▸ **Records for this exercise**
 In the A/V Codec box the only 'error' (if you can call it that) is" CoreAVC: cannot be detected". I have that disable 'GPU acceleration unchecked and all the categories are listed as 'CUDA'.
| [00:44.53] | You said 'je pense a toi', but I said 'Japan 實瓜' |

* * *

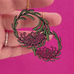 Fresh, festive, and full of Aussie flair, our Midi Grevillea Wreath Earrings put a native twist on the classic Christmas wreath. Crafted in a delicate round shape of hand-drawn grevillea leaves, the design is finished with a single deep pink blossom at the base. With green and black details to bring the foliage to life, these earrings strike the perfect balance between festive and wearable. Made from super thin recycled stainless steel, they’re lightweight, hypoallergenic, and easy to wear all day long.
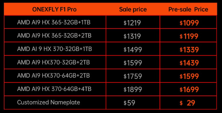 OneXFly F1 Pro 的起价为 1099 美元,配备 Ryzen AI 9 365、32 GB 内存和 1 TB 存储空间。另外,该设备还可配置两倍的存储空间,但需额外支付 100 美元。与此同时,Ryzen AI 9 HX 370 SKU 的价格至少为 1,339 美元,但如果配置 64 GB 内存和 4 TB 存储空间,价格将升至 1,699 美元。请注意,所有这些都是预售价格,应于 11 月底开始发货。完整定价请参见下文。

==

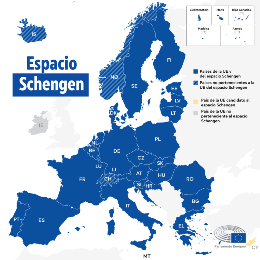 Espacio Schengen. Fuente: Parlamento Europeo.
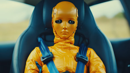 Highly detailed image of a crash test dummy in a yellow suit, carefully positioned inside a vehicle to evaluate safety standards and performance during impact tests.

▸ **What the task asks**
Reproduce exactly, and with no other material, the lines between those holding "In the A/V Codec" and "said 'Japan 實瓜' |", inclusive.

▸ **Written response**
 In the A/V Codec box the only 'error' (if you can call it that) is" CoreAVC: cannot be detected". I have that disable 'GPU acceleration unchecked and all the categories are listed as 'CUDA'.
| [00:44.53] | You said 'je pense a toi', but I said 'Japan 實瓜' |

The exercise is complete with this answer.